Retrospective cohort study.

Setting:

Three hundred twenty-two ICUs in 199 hospitals in the Philips eICU database between 2010 and 2015.

Patients:

Adult ICU patients at low risk of dying, defined as an Acute Physiology and Chronic Health Evaluation-IVa–predicted mortality of 3% or less.

Exposure:

ICU acuity, defined as the mean Acute Physiology and Chronic Health Evaluation IVa score of all admitted patients in a calendar year, stratified into quartiles.

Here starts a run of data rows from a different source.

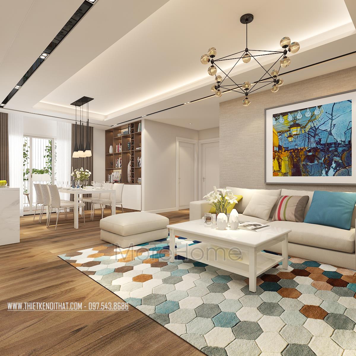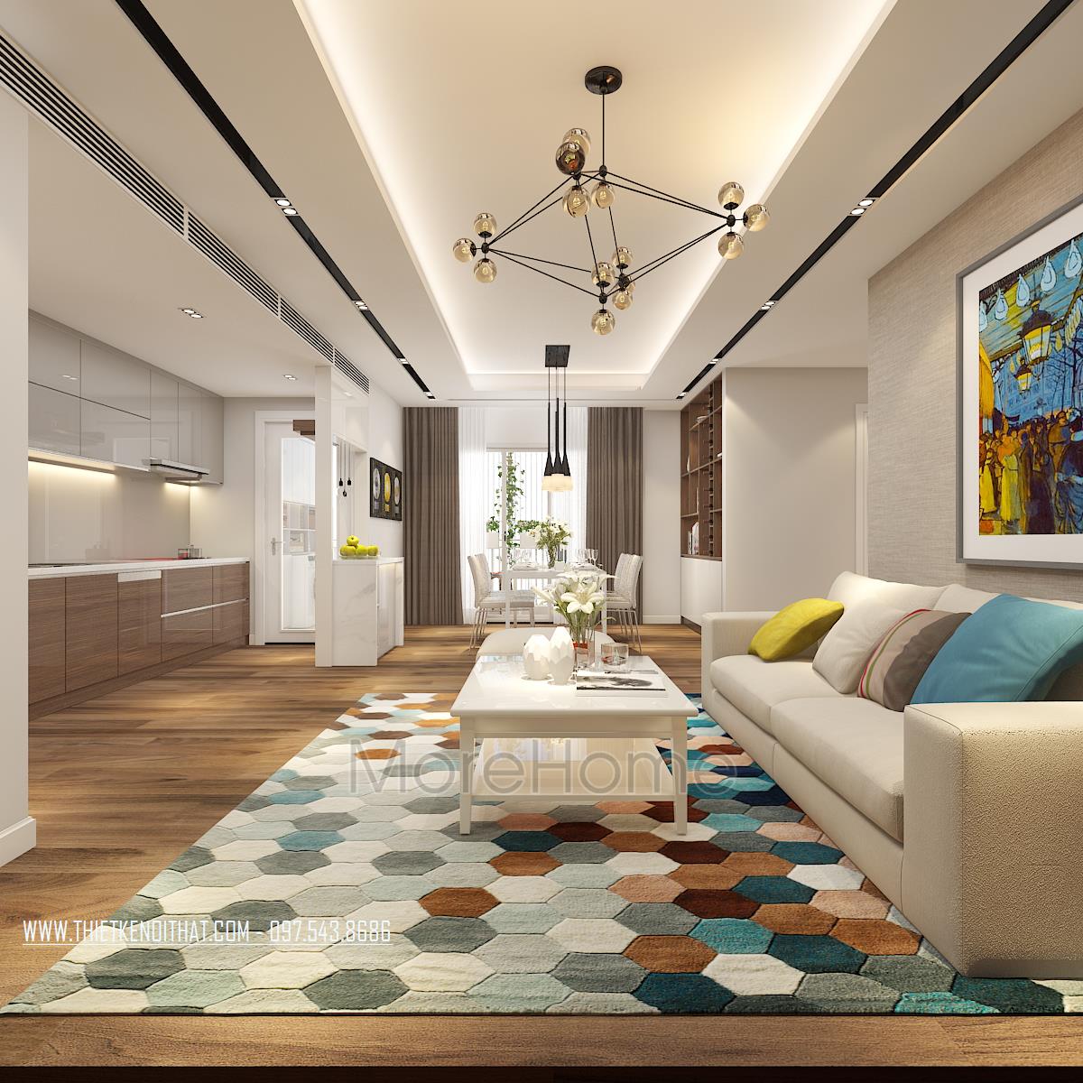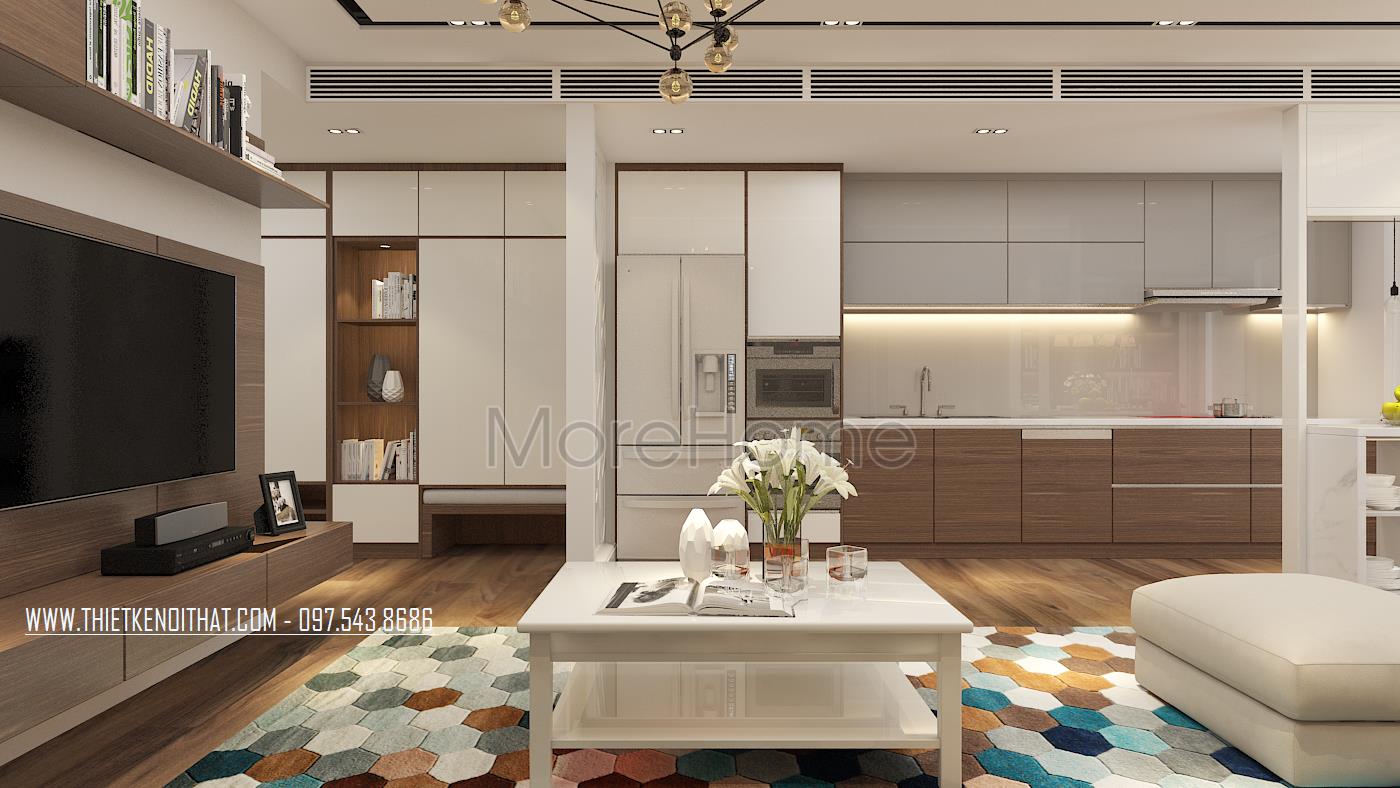 Với thiết kế nội thất chung cư hiện đại căn hộ nhà anh Hùng phần nào thể hiện được sự tinh tế trong sử dụng màu sắc, nghệ thuật trong kết hợp ánh sáng tự nhiên và ánh sáng nhân tạo, sự tâm huyết trong thiết kế không gian phù hợp với công năng sử dụng cũng như tận dụng tối đa được diện tích sử dụng. Đây là một phần yêu cầu của gia chủ cũng như là múc tiêu mà kiến trúc sư của Morehome hướng tới “mang lại không gian sống thoải mái nhất cho gia chủ ”.
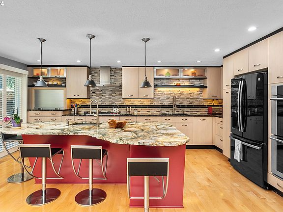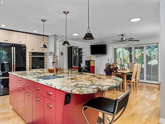Experience retreat living on the ridge in Milwaukie! This meticulously remodeled home is perfect for entertaining, with a stunning custom kitchen with one of a kind live edge granite countertops and a spacious island. The fully fenced backyard is ideal for pool parties and entertaining. (the pool has solar and gas heat, plus a solar cover.)The spacious primary suite includes a walk-in closet and an en-suite bathroom with a walk-in shower and heated tile floors. There is a main level office, with direct access to the pool area. Could working from home get any better? Additional features include a three-car garage with epoxy floors and a custom stainless steel top workbench. Recent upgrades include a new roof in 2023 and a new water line and water heater in 2024. Schedule an appointment to view all the special features in this home!
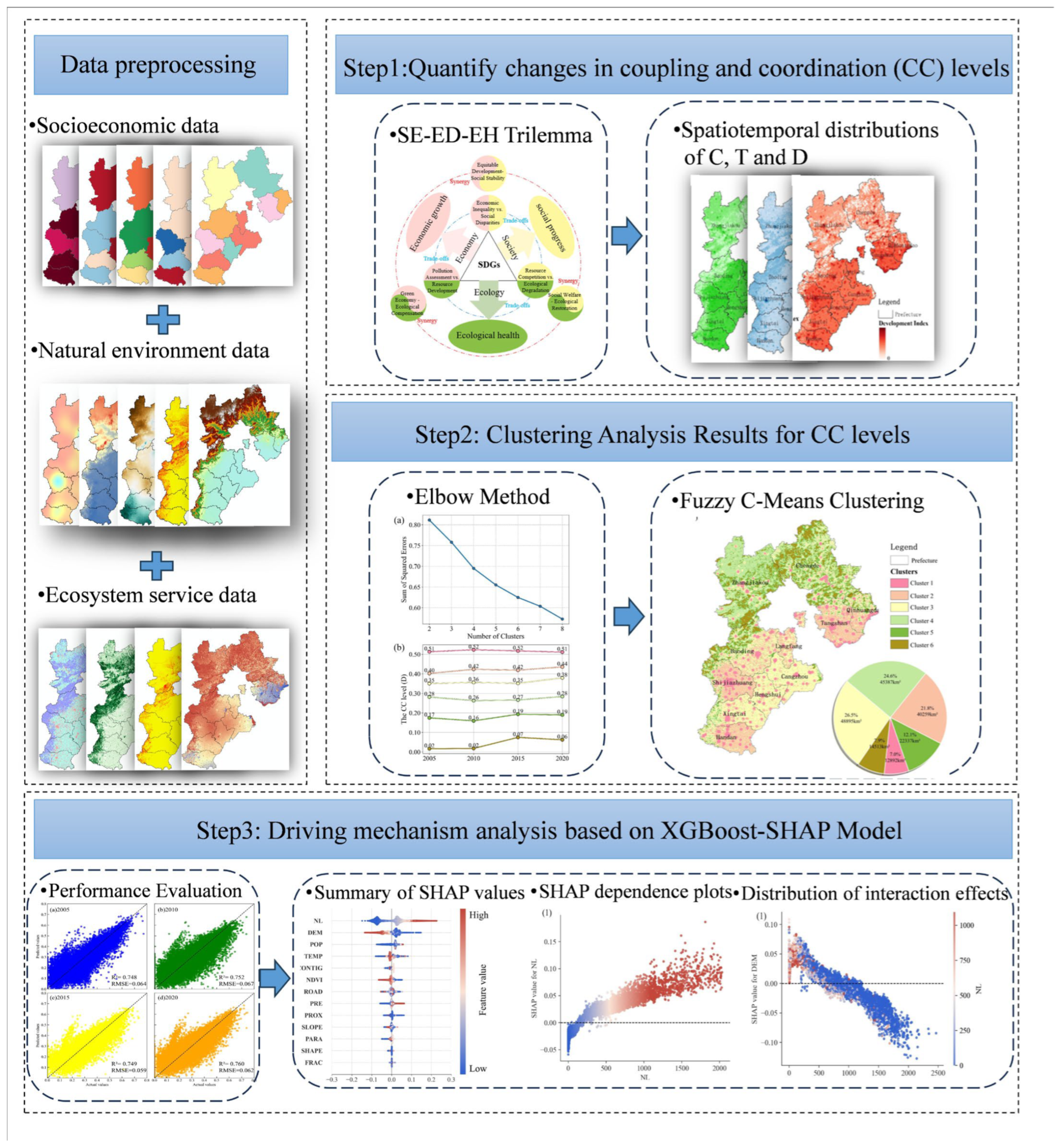APA StyleChen, Q., Sun, L., Zhang, Q., Zhou, K., Wang, J., Bi, J., Wang, W., Lu, Y., Qu, G., & Lu, S. (2026). Explainable Machine Learning for Evaluating Coupling and Coordination of the Sustainability Trilemma: A Case Study of Hebei Province. Land, 15(1), 73. https://doi.org/10.3390/land15010073

Measurements and Main Results:

We used generalized estimating equations to test whether ICU acuity is independently associated with a primary outcome of ICU length of stay and secondary outcomes of hospital length of stay, hospital mortality, and discharge destination. The study included 381,997 low-risk patients. Mean ICU and hospital length of stay were 1.8 ± 2.1 and 5.2 ± 5.0 days, respectively. Mean Acute Physiology and Chronic Health Evaluation IVa–predicted hospital mortality was 1.6% ± 0.8%; actual hospital mortality was 0.7%. In adjusted analyses, admission to low-acuity ICUs was associated with worse outcomes compared with higher-acuity ICUs. Specifically, compared with the highest-acuity quartile, ICU length of stay in low-acuity ICUs was increased by 0.24 days; in medium-acuity ICUs by 0.16 days; and in high-acuity ICUs by 0.09 days (all p < 0.001). Similar patterns existed for hospital length of stay. Patients in lower-acuity ICUs had significantly higher hospital mortality (odds ratio, 1.28 [95% CI, 1.10–1.49] for low-; 1.24 [95% CI, 1.07–1.42] for medium-, and 1.14 [95% CI, 0.99–1.31] for high-acuity ICUs) and lower likelihood of discharge home (odds ratio, 0.86 [95% CI, 0.82–0.90] for low-, 0.88 [95% CI, 0.85–0.92] for medium-, and 0.95 [95% CI, 0.92–0.99] for high-acuity ICUs).

Conclusions:

Admission to high-acuity ICUs is associated with better outcomes among low mortality-risk patients. Future research should aim to understand factors that confer benefit to patients with different risk profiles.